Dataset records START

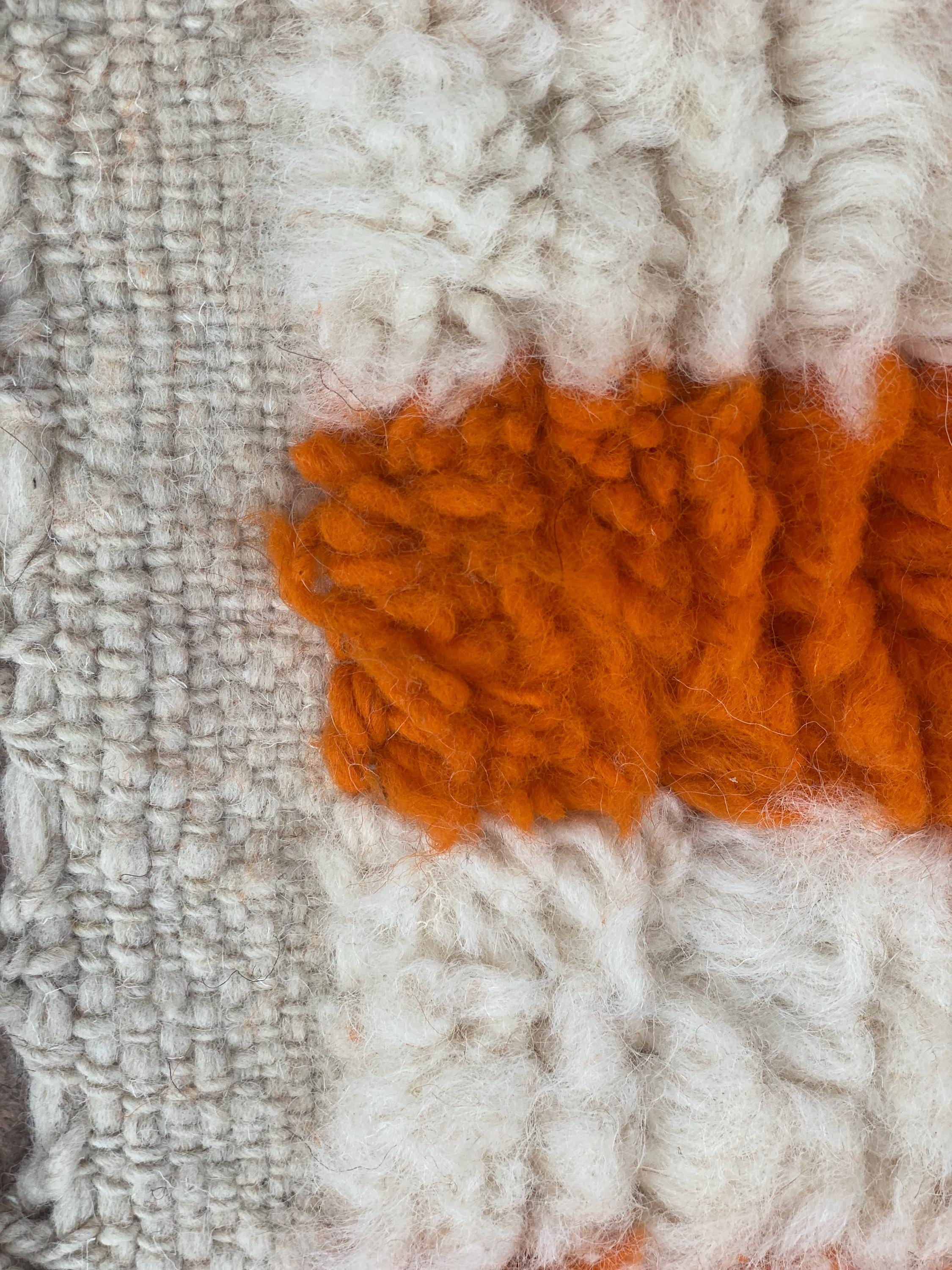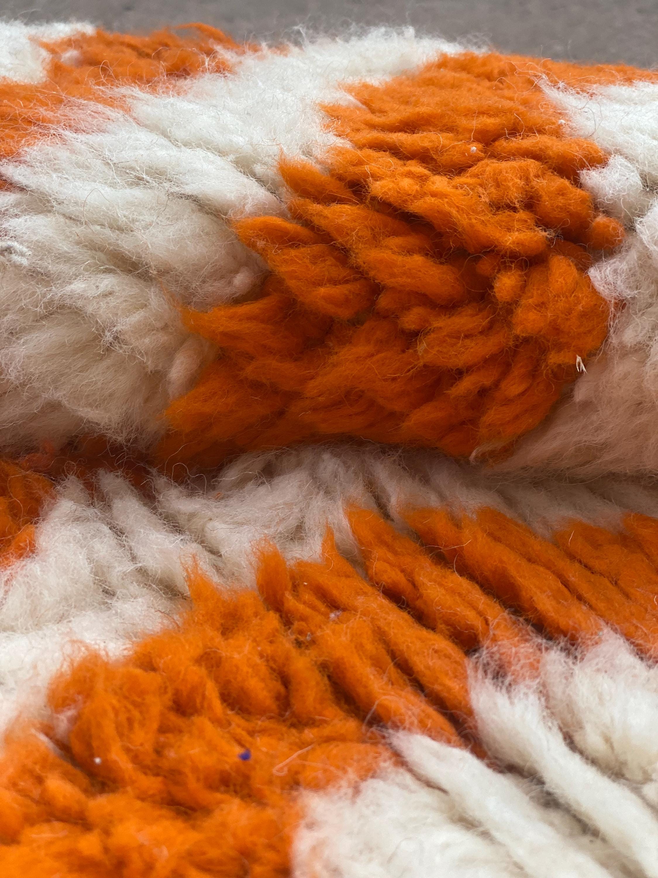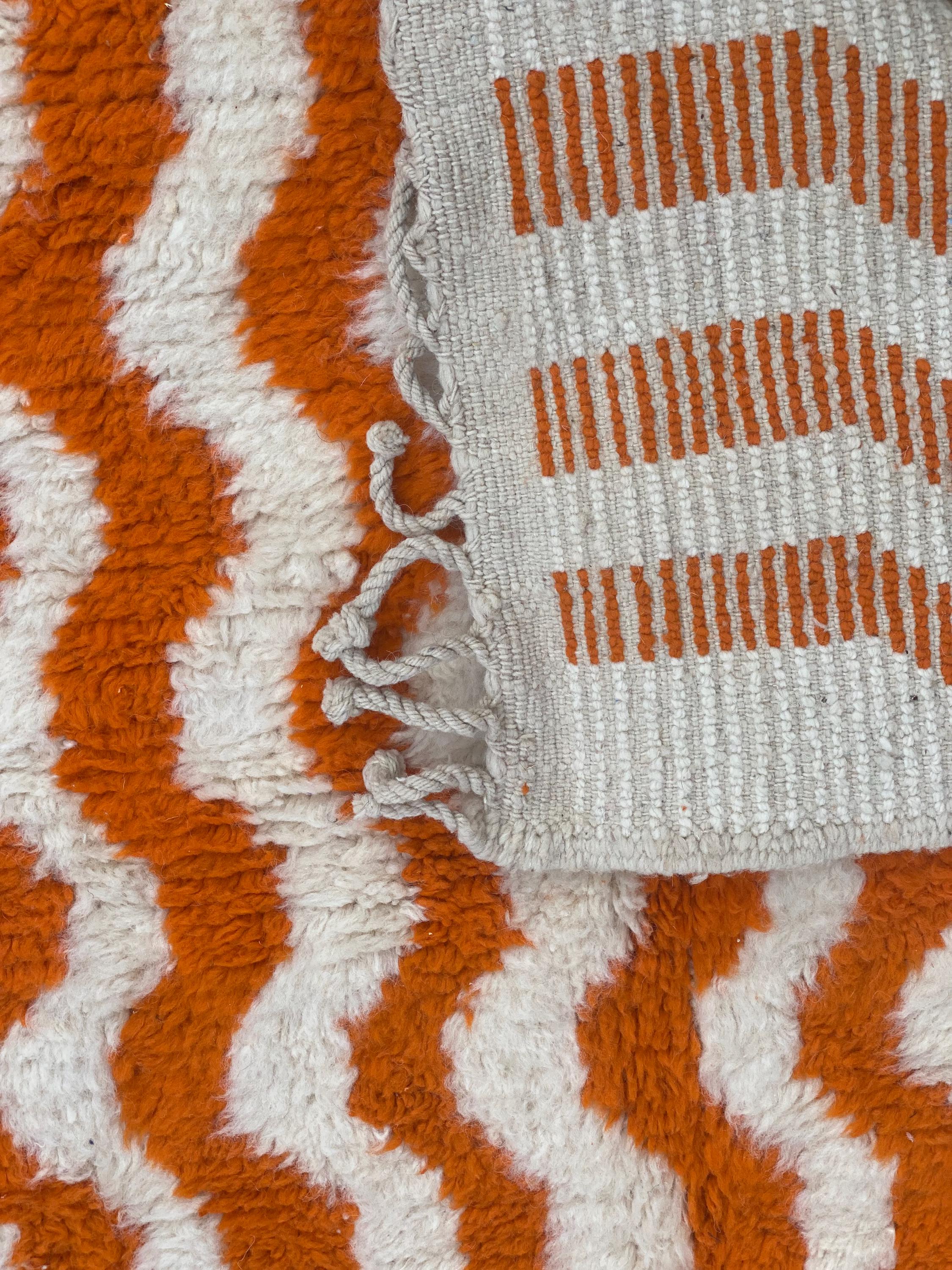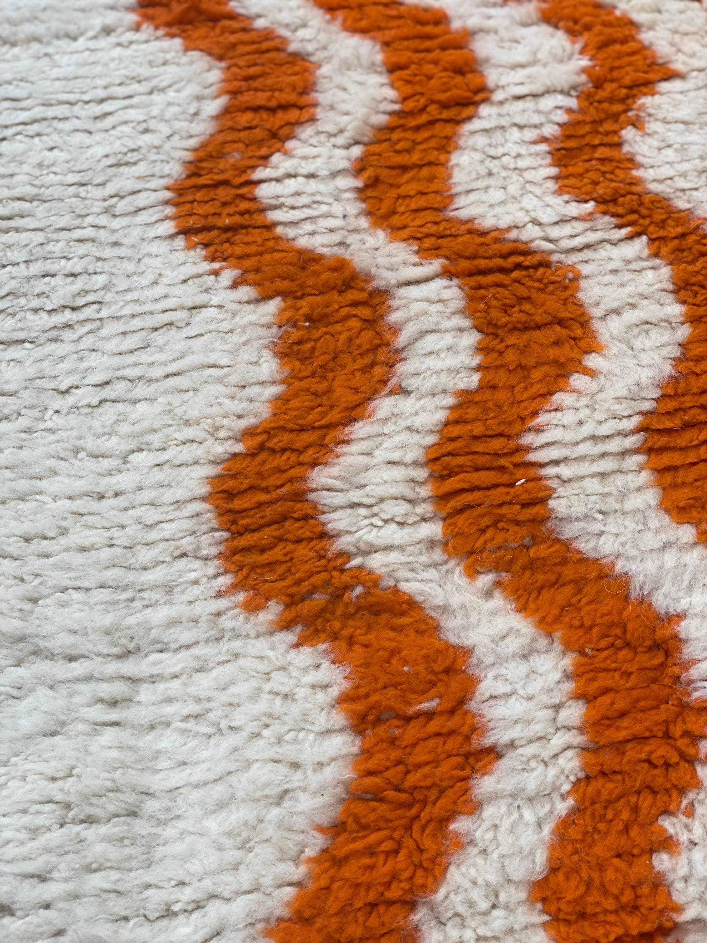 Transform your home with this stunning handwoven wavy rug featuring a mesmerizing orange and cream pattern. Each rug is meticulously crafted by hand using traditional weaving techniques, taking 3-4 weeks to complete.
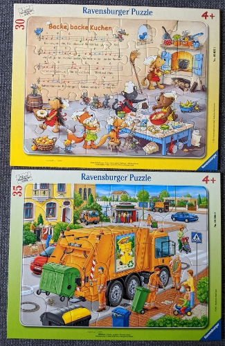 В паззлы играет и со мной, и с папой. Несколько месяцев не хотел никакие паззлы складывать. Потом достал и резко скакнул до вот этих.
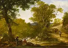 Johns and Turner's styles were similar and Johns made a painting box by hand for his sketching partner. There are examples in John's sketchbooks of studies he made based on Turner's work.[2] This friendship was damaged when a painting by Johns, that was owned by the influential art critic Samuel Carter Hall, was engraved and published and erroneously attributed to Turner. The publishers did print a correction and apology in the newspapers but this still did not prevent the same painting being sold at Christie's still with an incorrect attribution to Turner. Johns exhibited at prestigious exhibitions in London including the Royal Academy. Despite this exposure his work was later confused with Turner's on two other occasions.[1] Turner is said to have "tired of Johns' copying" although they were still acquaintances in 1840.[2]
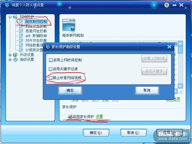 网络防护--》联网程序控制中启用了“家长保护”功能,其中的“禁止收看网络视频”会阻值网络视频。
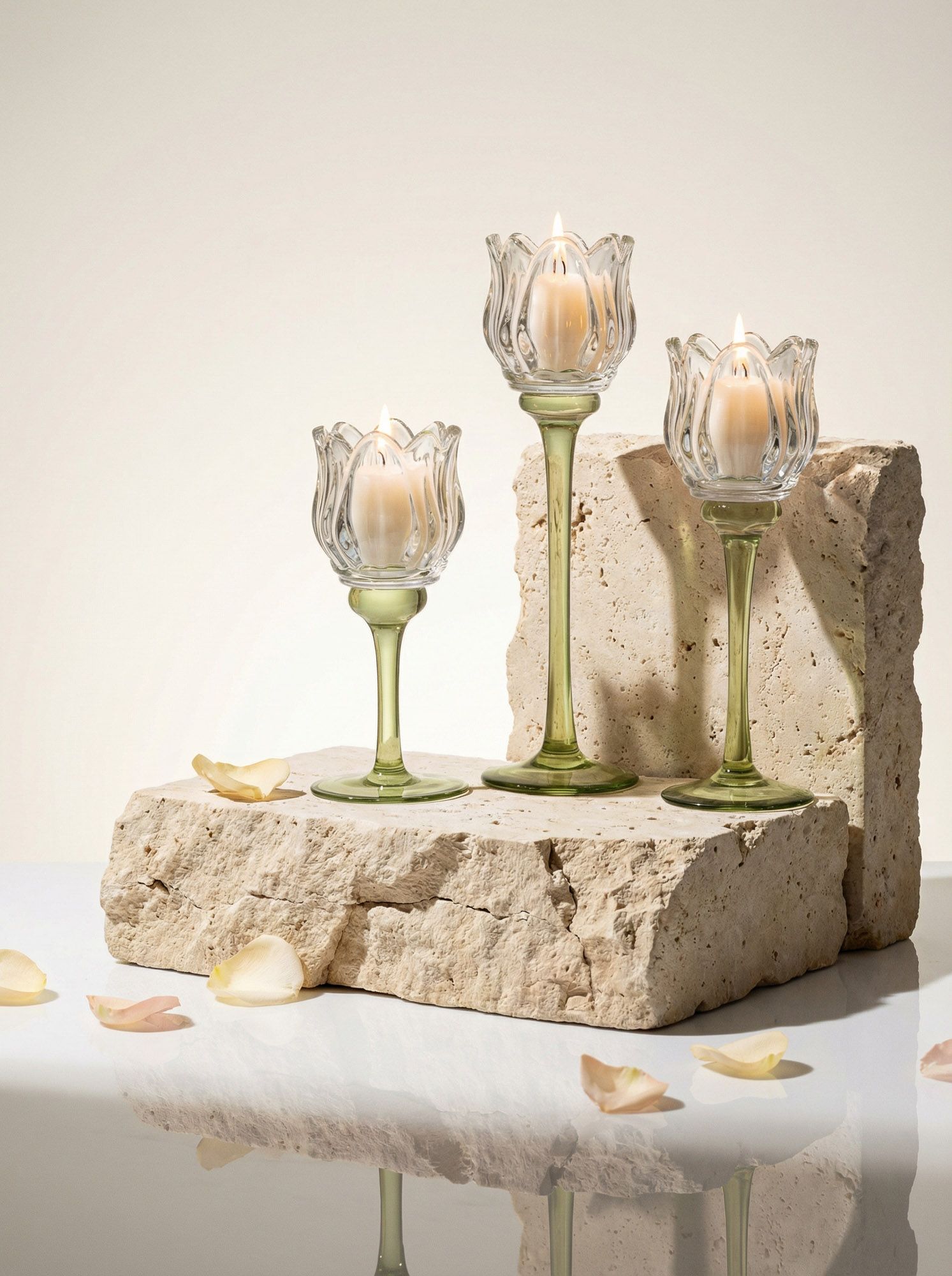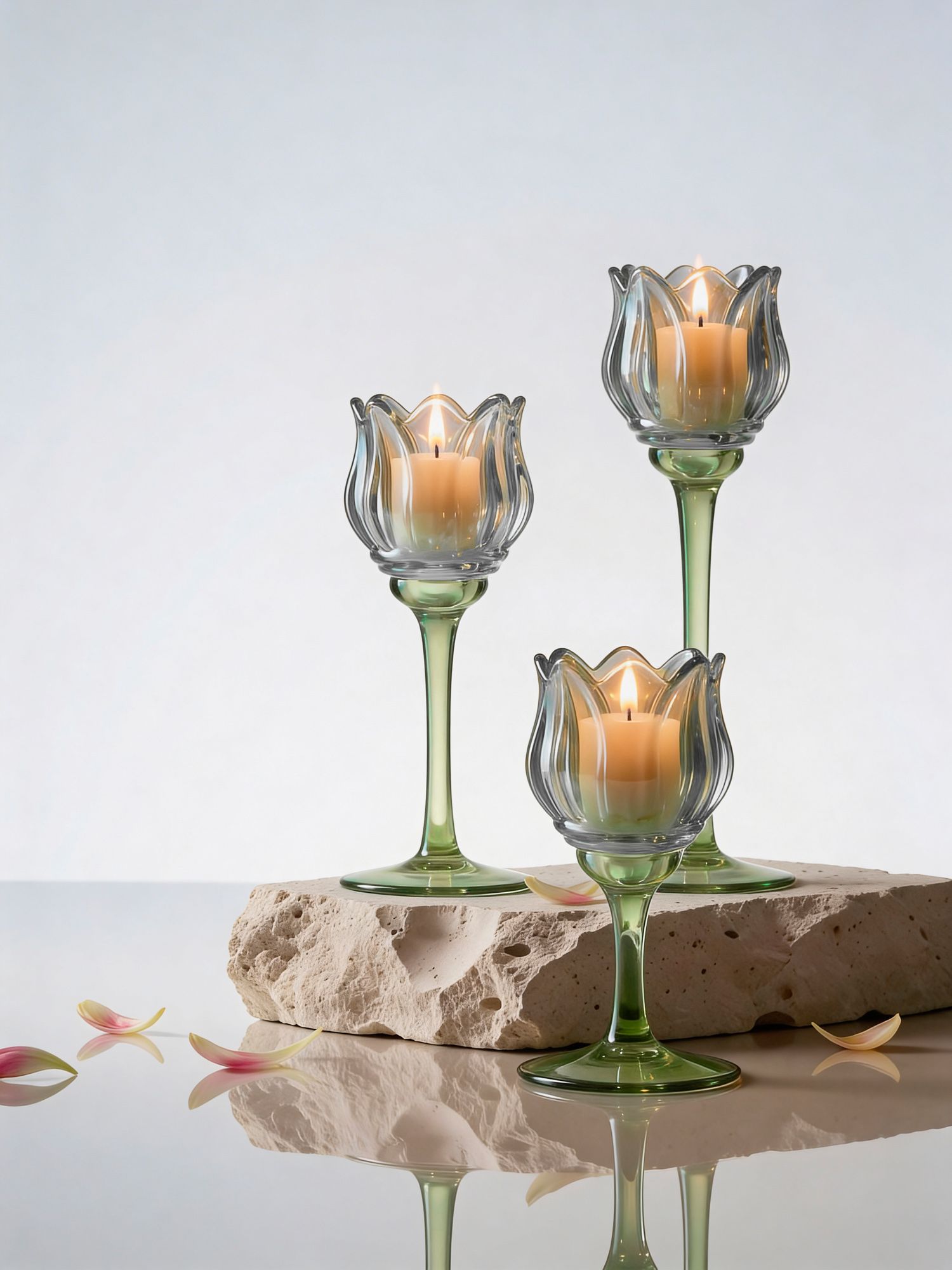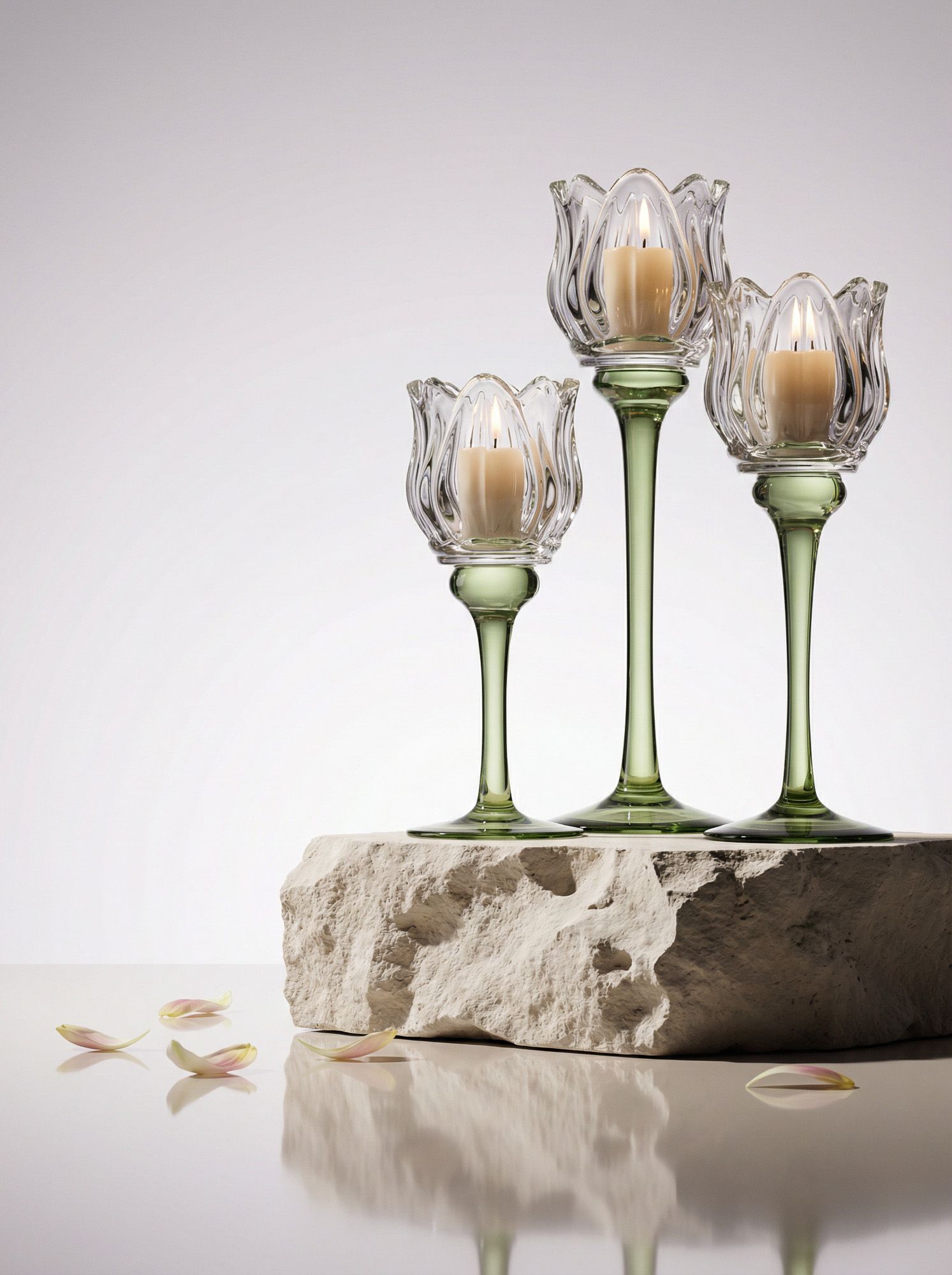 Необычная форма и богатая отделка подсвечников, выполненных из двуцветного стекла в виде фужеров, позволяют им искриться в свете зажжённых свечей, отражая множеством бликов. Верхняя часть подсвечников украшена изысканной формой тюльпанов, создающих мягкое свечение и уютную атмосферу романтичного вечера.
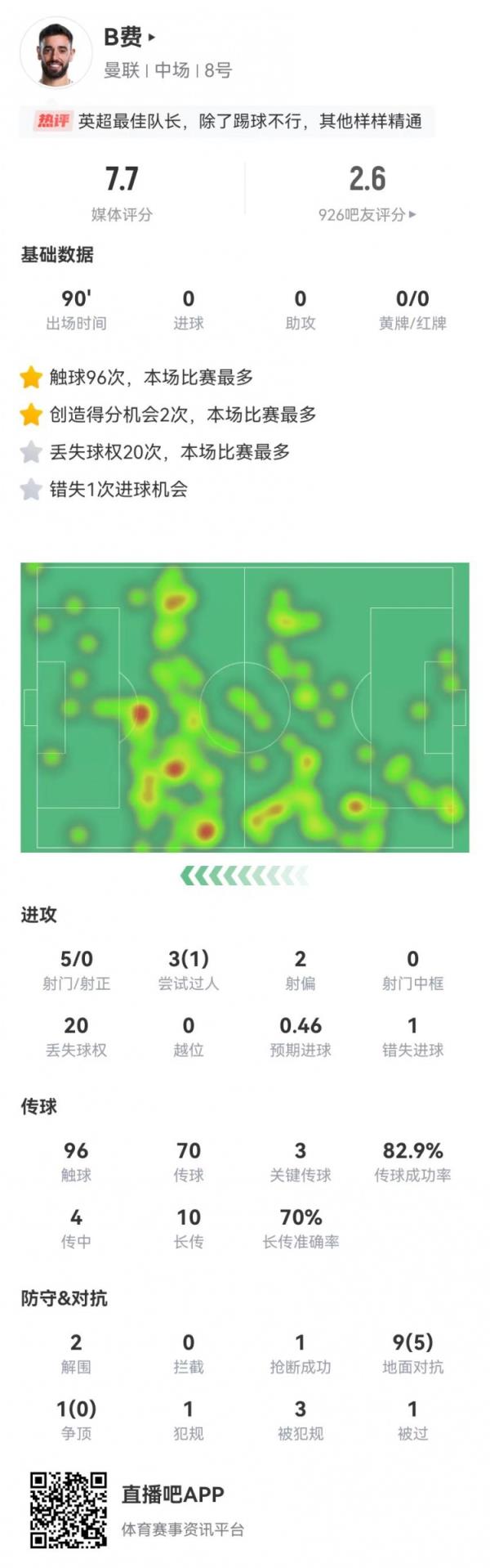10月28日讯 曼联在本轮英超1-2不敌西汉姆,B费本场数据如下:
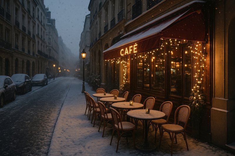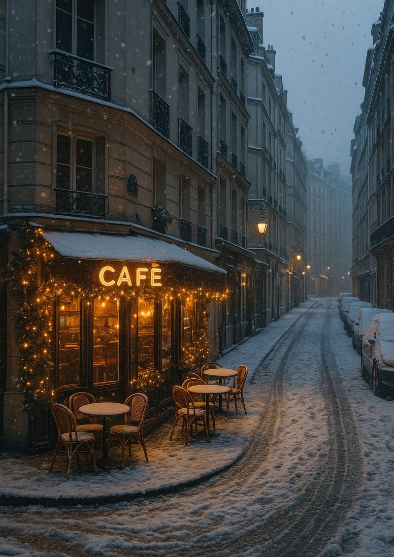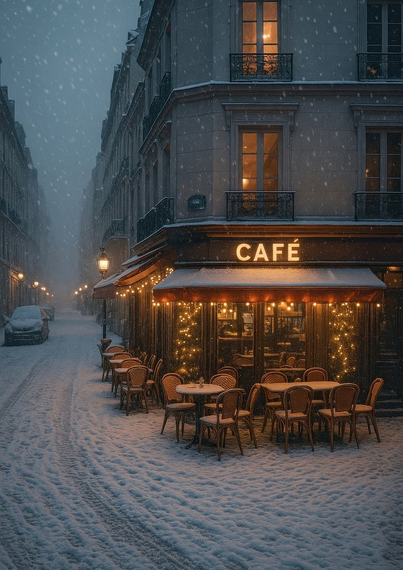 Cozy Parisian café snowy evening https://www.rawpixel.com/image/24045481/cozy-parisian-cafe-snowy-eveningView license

Dataset records END

Return only the lines from the start of the data through the line that contains "В паззлы играет", please, copying them exactly and omitting all pictures.

[Exercise output]
 Transform your home with this stunning handwoven wavy rug featuring a mesmerizing orange and cream pattern. Each rug is meticulously crafted by hand using traditional weaving techniques, taking 3-4 weeks to complete.
 В паззлы играет и со мной, и с папой. Несколько месяцев не хотел никакие паззлы складывать. Потом достал и резко скакнул до вот этих.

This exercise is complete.